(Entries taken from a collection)

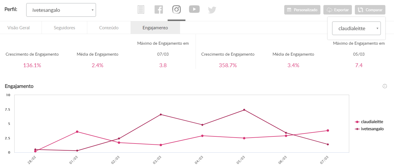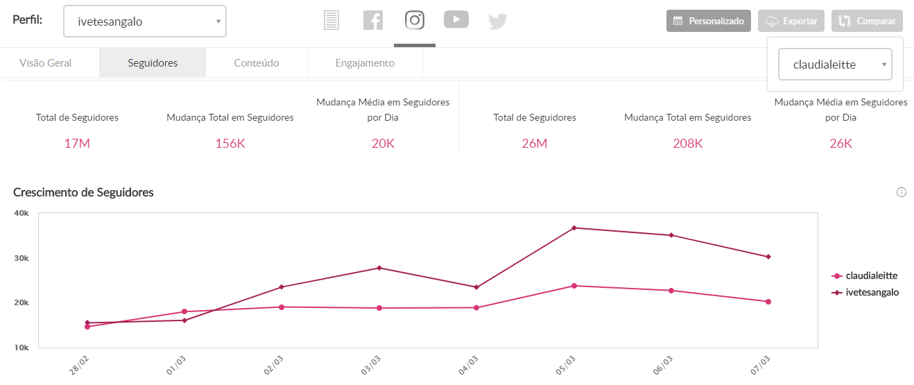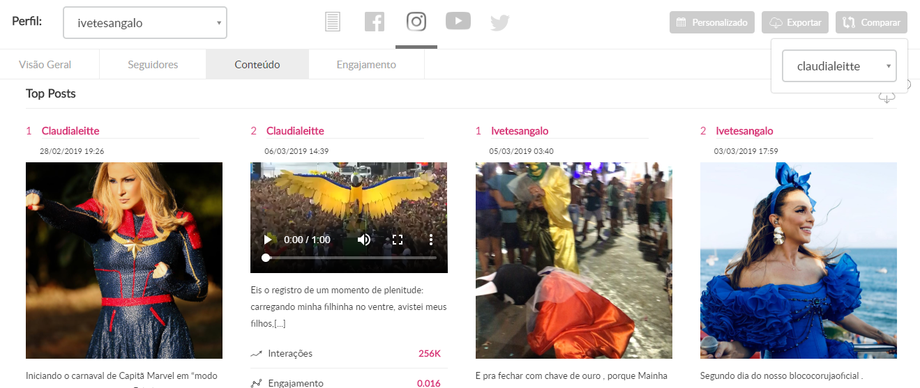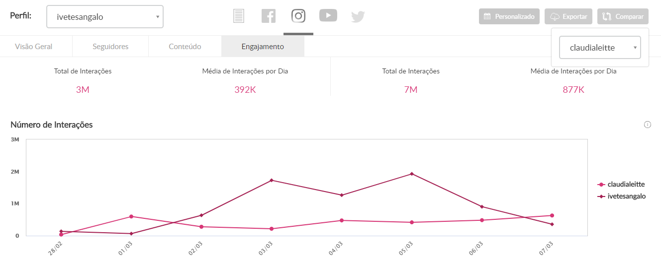 Entre os dias 28 de fevereiro e 7 de março, monitoramos os perfis no Instagram das cantoras Ivete Sangalo (@ivetesangalo) e Claudia Leitte (@claudialeitte) por meio do Analytics Pro do Buzzmonitor.
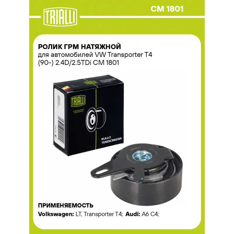 Ролик ГРМ натяжной для автомобилей VW Transporter T4 (90-) 2.4D/2.5TDi Характеристики: Артикул: CM 1801 OEM номера: 074109243F, 074109243G, 074109243J, 074109243R Материал: металл/пластик Внутренний диаметр, мм: 8,2 Гарантийный срок: 2 года/60 000 км. Сопутствующий товар: Ролики ГРМ: CM 7041 Количество на автомобиль: 1 Особенности конструкции:: автоматический Внешний диаметр, мм: 73 Ширина, мм: 27 Тип ролика: натяжной Товарная линейка: BLACK Подходит для авто: Volkswagen LT (96-), Transporter T4 (90-) Audi A6 C4 (94-) Для проверки применяемости отправьте VIN автомобиля через вкладку "Есть вопросы о товаре?" Комплектация: Ролик ГРМ - 1 шт Гарантия: от 1 года.
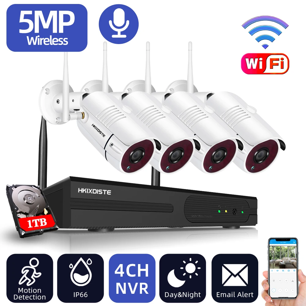 H.265 + 4 канала 5MP беспроводная WIFI CCTV система 4CH NVR комплект 4 шт Аудио Открытый IP66 безопасности IP камера P2P видео наблюдения набор
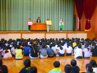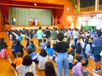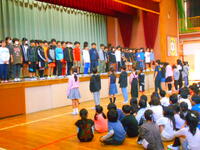 区切りの式の後は、陸上部壮行会でした。42名の部員がステージに上がり、全校児童からたくさんの応援を受けました。陸上大会は10月25日(金)に国府台スポーツセンターで行われます。大会に向けて、陸上部のみなさん頑張ってください。
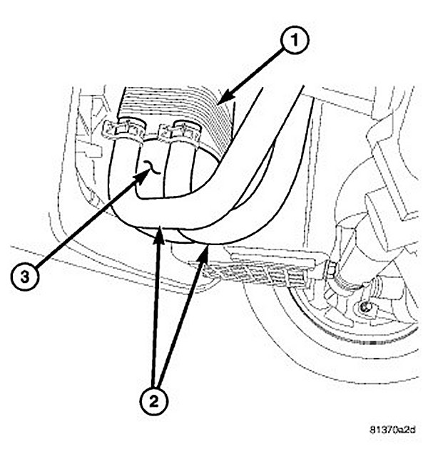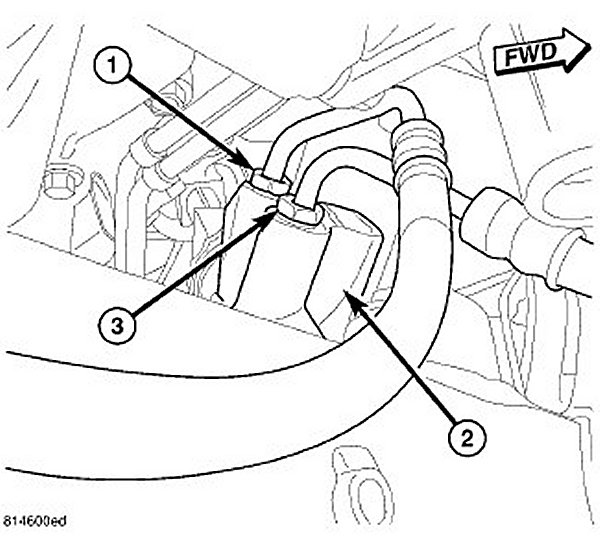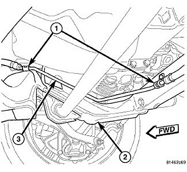 18. Position and install the power steering hose (3) to cradle hold downs (1).
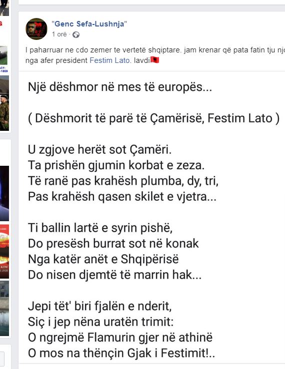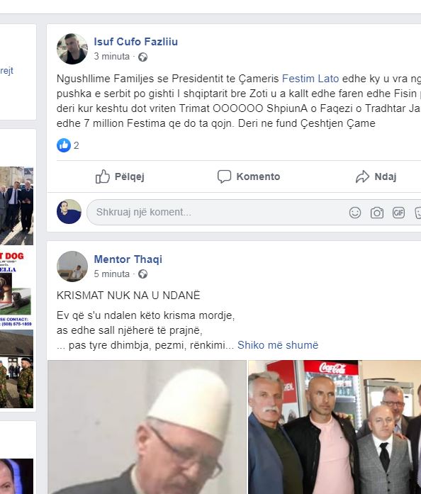 “Ngushëllime familjes të presidentit të Çamërisë z.Festim Lato. Edhe ky u vra nga pushka e serbit”, shprehet një komentues.
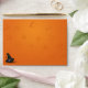 Happy Halloween illustration featuring a witch hat with golden stars and moon and a hanging spider on an orange background with jack-o-lantern pattern shapes.
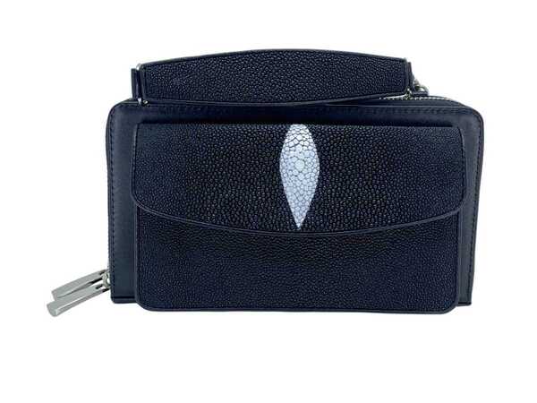 Genuine stingray leather used to sew this product. Both sides on this bag decorated by white eyes. On one side of clutch, made patch pocket. A removable handle attached to the top of the clutch. A removable shoulder strap is included with the clutch. The clutch consists of two zipped compartments. This clutch model is available in different colors.
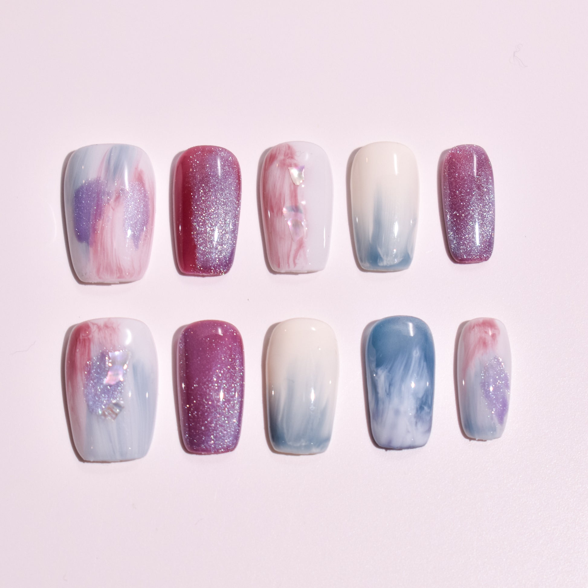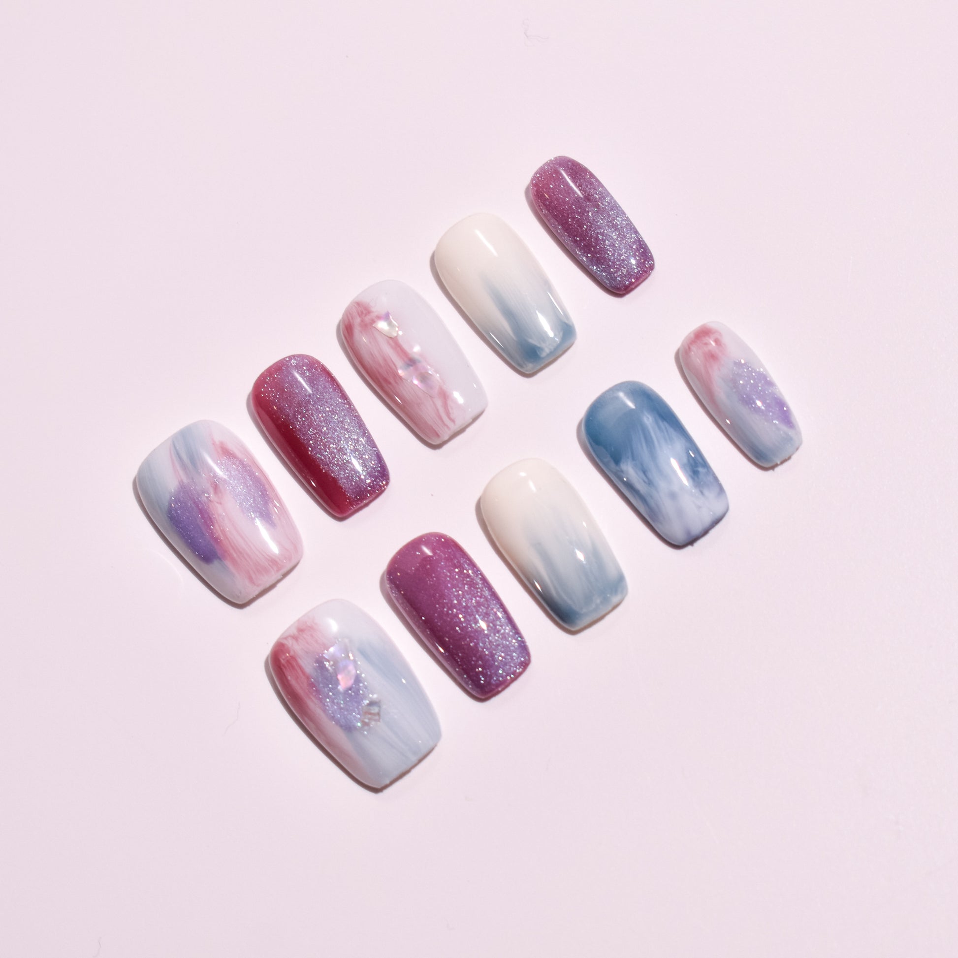 This design features a harmonious blend of dusty rose glitter, lavender shimmer, and misty blue marble gradients layered over a milky neutral base. Subtle marbling mimics drifting petals and clouds, while select accent nails are adorned with iridescent crystal flakes that catch the light with every movement.

* **Exercise prompt**
Although pictures appear among the records above, none are to be output; print exactly the lines from the line containing "Ролик ГРМ натяжной" through the line containing "Happy Halloween illustration".

* **Your response**
 Ролик ГРМ натяжной для автомобилей VW Transporter T4 (90-) 2.4D/2.5TDi Характеристики: Артикул: CM 1801 OEM номера: 074109243F, 074109243G, 074109243J, 074109243R Материал: металл/пластик Внутренний диаметр, мм: 8,2 Гарантийный срок: 2 года/60 000 км. Сопутствующий товар: Ролики ГРМ: CM 7041 Количество на автомобиль: 1 Особенности конструкции:: автоматический Внешний диаметр, мм: 73 Ширина, мм: 27 Тип ролика: натяжной Товарная линейка: BLACK Подходит для авто: Volkswagen LT (96-), Transporter T4 (90-) Audi A6 C4 (94-) Для проверки применяемости отправьте VIN автомобиля через вкладку "Есть вопросы о товаре?" Комплектация: Ролик ГРМ - 1 шт Гарантия: от 1 года.
 H.265 + 4 канала 5MP беспроводная WIFI CCTV система 4CH NVR комплект 4 шт Аудио Открытый IP66 безопасности IP камера P2P видео наблюдения набор
 区切りの式の後は、陸上部壮行会でした。42名の部員がステージに上がり、全校児童からたくさんの応援を受けました。陸上大会は10月25日(金)に国府台スポーツセンターで行われます。大会に向けて、陸上部のみなさん頑張ってください。
 18. Position and install the power steering hose (3) to cradle hold downs (1).
 “Ngushëllime familjes të presidentit të Çamërisë z.Festim Lato. Edhe ky u vra nga pushka e serbit”, shprehet një komentues.
 Happy Halloween illustration featuring a witch hat with golden stars and moon and a hanging spider on an orange background with jack-o-lantern pattern shapes.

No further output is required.